The drainage measurements in two plots were not consistent with the other instrumented plots. One, a control plot with measurable drainage during the growing season (Ellisport Bay), was partially logged during the observation period. Two, a control plot with no drainage recorded throughout the year (Cave Bay), was potentially due to a malfunctioning drain gauge. Removing the two control plots would have greatly reduced the sample size of the control drain gauge plots used to parameterize the models and conduct the statistical analyses, as well as created an unbalanced design during the data analysis. Therefore, these plots were retained for the model parameterization and evaluating the model performance during the growing season.

3.3. Parameterized Model Runs

Neither single-porosity nor dual-porosity soil hydraulic models in Hydrus-1D were able to accurately estimate the quantity of drainage that was measured on a daily timestep for all drain gauge plots, even when the vegetation process of root water uptake was excluded. However, the dual-porosity model was able to simulate the timing of drainage more successfully for all drain gauge plots on a monthly scale (Figure 4). Based on the observed versus Hydrus-1D-predicted daily drainage optimal fit during the growing season, the dual-porosity model was more skilled in predicting the monthly drainage at all drain gauge plots (R² = 0.99, NSE = 0.96) than the single-porosity model (R² = 0.26, NSE = −41.2). The values of the second water retention curve that were used in the fine-tuned and simulated dual-porosity model runs ranged from 2 to 4.4.
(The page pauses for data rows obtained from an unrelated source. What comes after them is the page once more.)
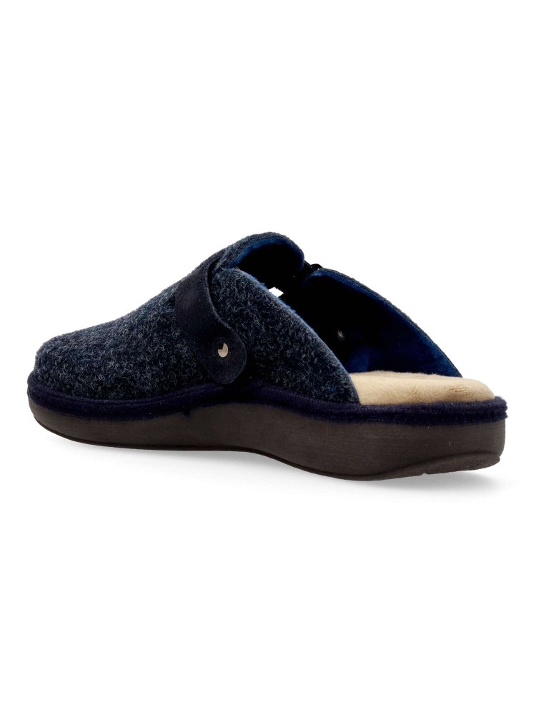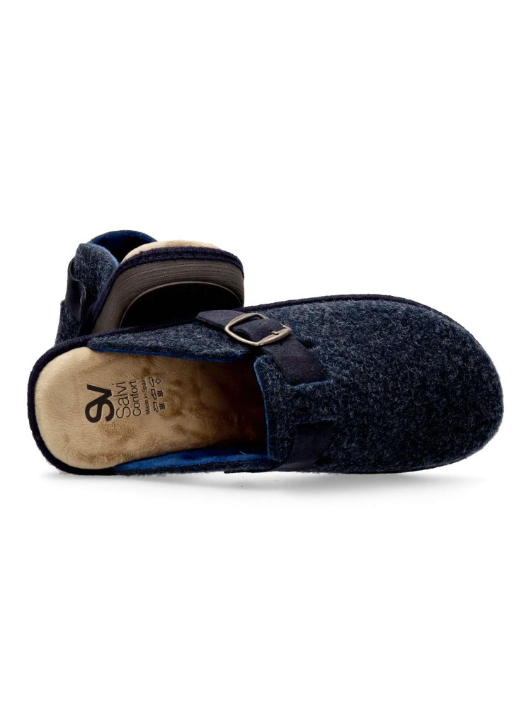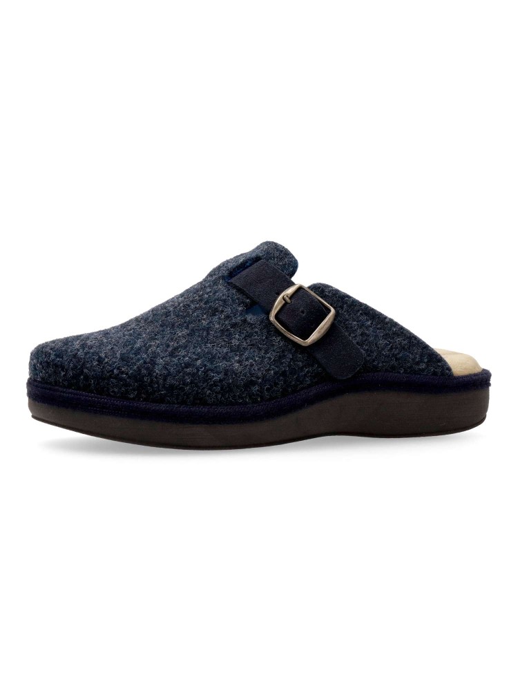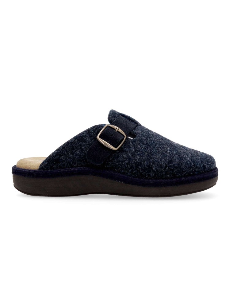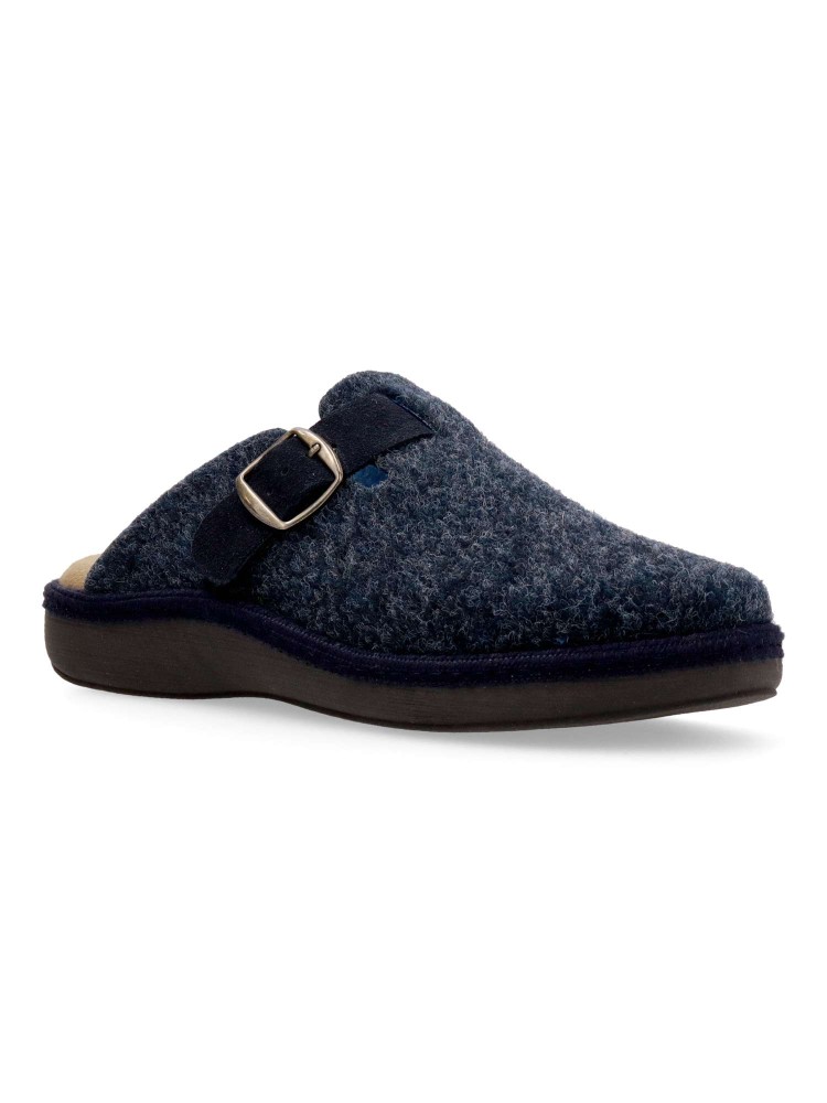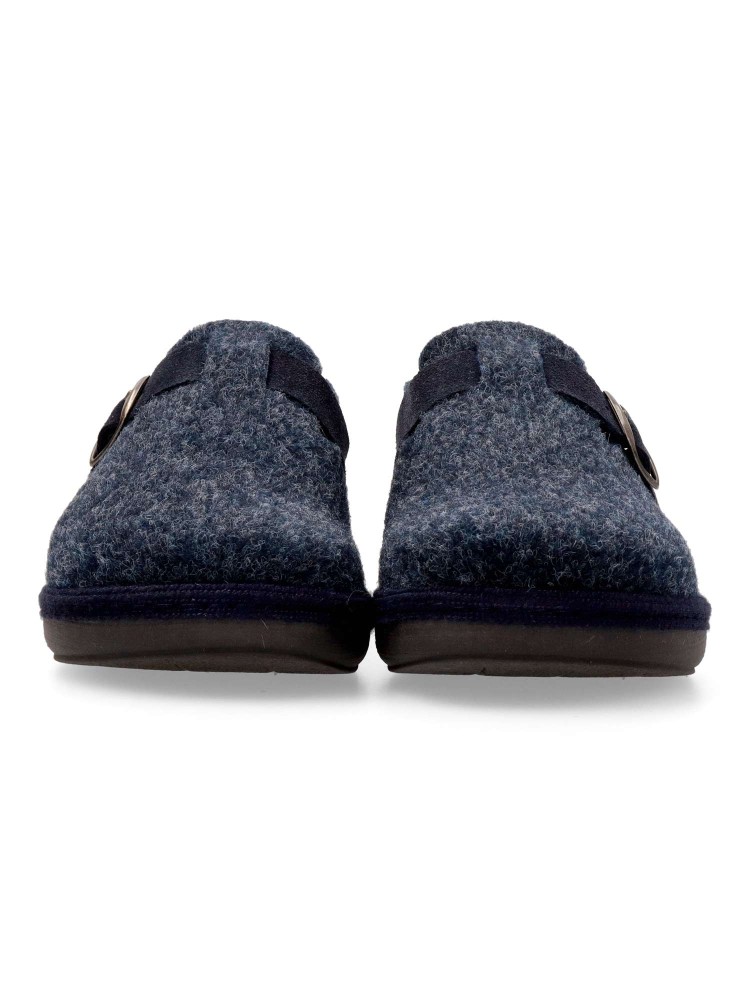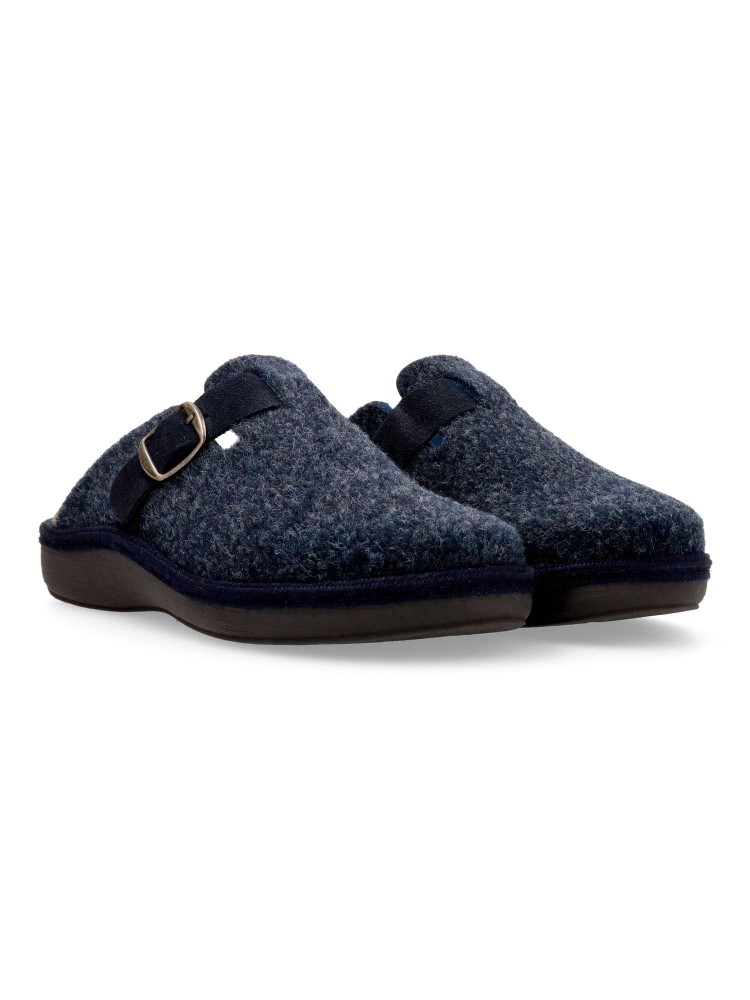 Zapatilla zueco hebilla regulable. Combinación ideal entre comodidad y calidad. Fabricada con fieltro y forrada con un interior aterciopelado que ofrece una sensación única de calidez. Plantilla extraíble memory foam lavable, para mayor higiene y confort.
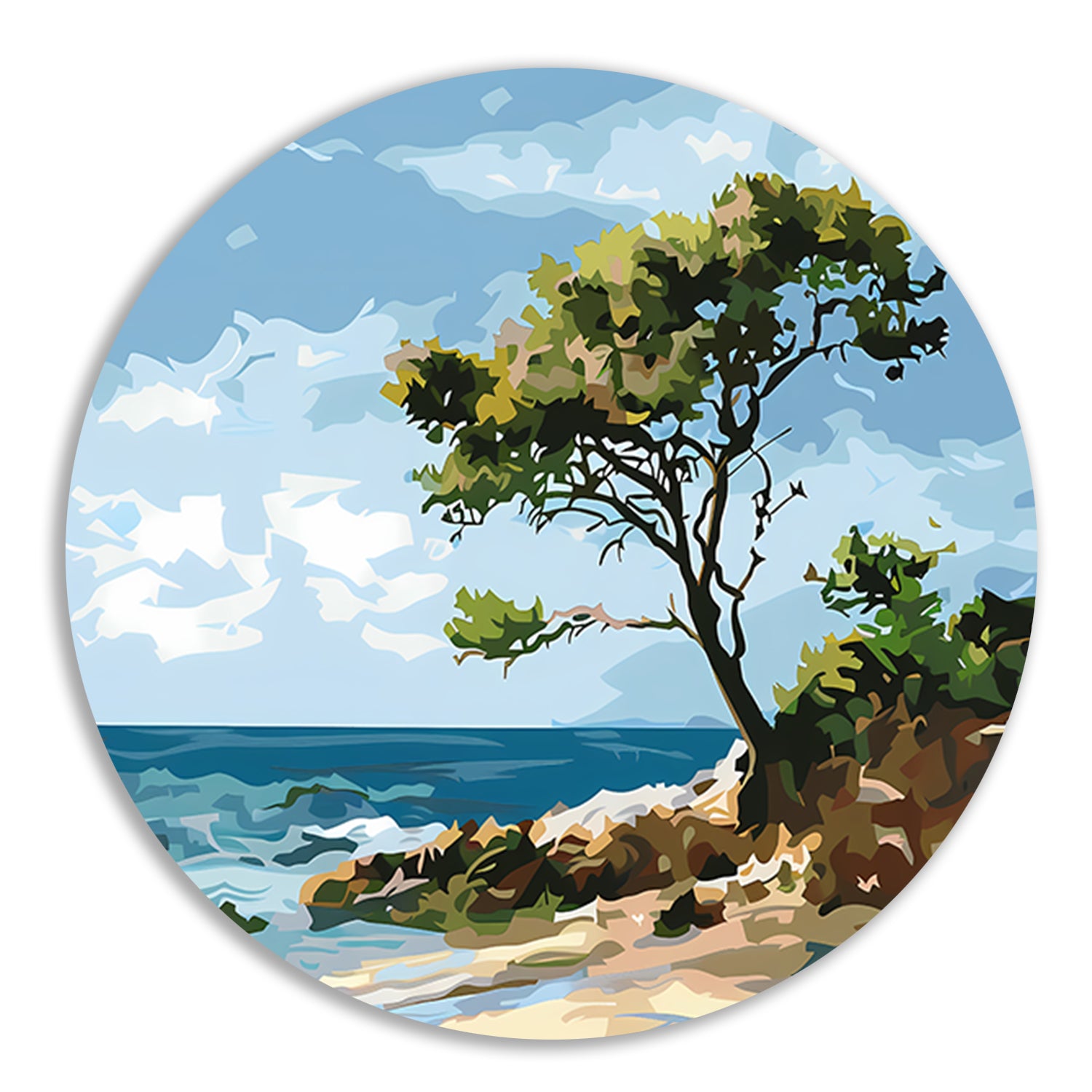 Boom aan de kust in popart stijl aluminium muurcirkel
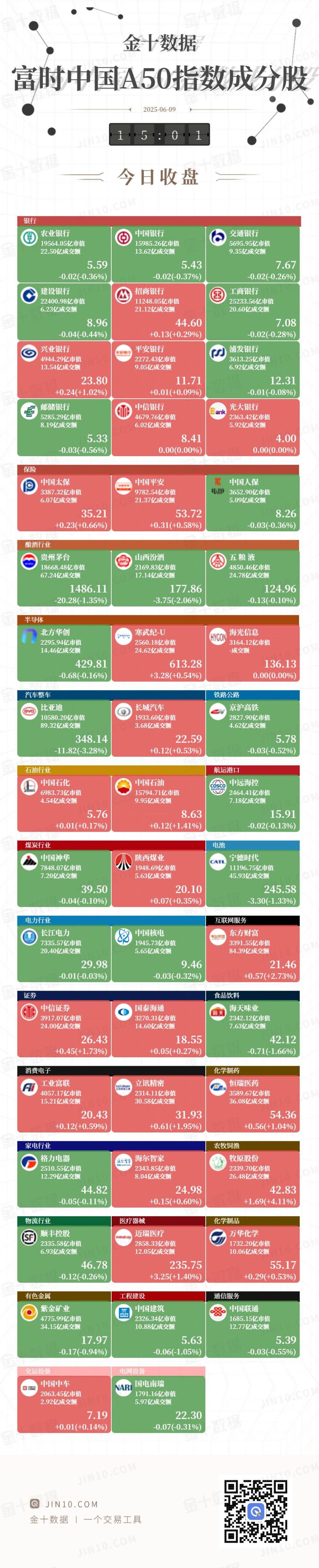 2025-06-09 1 5 : 0 1 1 金十图示:2025年06月09日(周一)富时中国A50指数成分股今日收盘行情一览:消费电子股走强,酿酒行业偏软 十载优 TEA50指数成 银行 农业银行 中国银行 交通银行 9564.05亿市值 15985.26亿市值 695.95亿市值 22.50亿成交额 13.62亿成交额 9.35亿成交额 5.59 5.43 7.67 -0.02(-0.36%) -0.02(-0.37%) -0.02(-0.26%) 建设银行 招商银行 工商银行 22400.98亿市值 11248.05亿市值 25233.56亿市值 21.12亿成交额 6.23亿成交额 20.60亿成交额 8.96 44.60 7.08 +0.13(+0.29%) -0.04(-0.44%) -0.02(-0.28%) 兴业银行 平安银行 浦发银行 4944.29亿市值 2272.43亿市值 3613.25亿市值 13.54亿成交额 9.05亿成交额 6.92亿成交额 11.71 12.31 23.80 +0.24(+1.02%) +0.01(+0.09%) -0.01(-0.08%) 邮储银行 中信银行 ...

During the growing season, both Hydrus-1D and WEPP had high predictive skills when modeling monthly drainage. The growing season linear regression of the observed versus predicted monthly drainage values for all drain gauge plots (Table S3, Figure 5) was a better fit for Hydrus-1D (p-value ≤ 0.001, R² = 0.92, NSE = 0.91, Table S5) than for WEPP (p-value =< 0.001, R² = 0.85, NSE = 0.84, Table S4). The predicted versus observed regression lines for Hydrus-1D and WEPP were not significantly different from one another, and both fell below the 1:1 line, indicating that they underpredicted drainage, even when root water uptake was excluded. Both models were most successful at predicting the drainage at Garfield Bay, but struggled at other locations (Table S3).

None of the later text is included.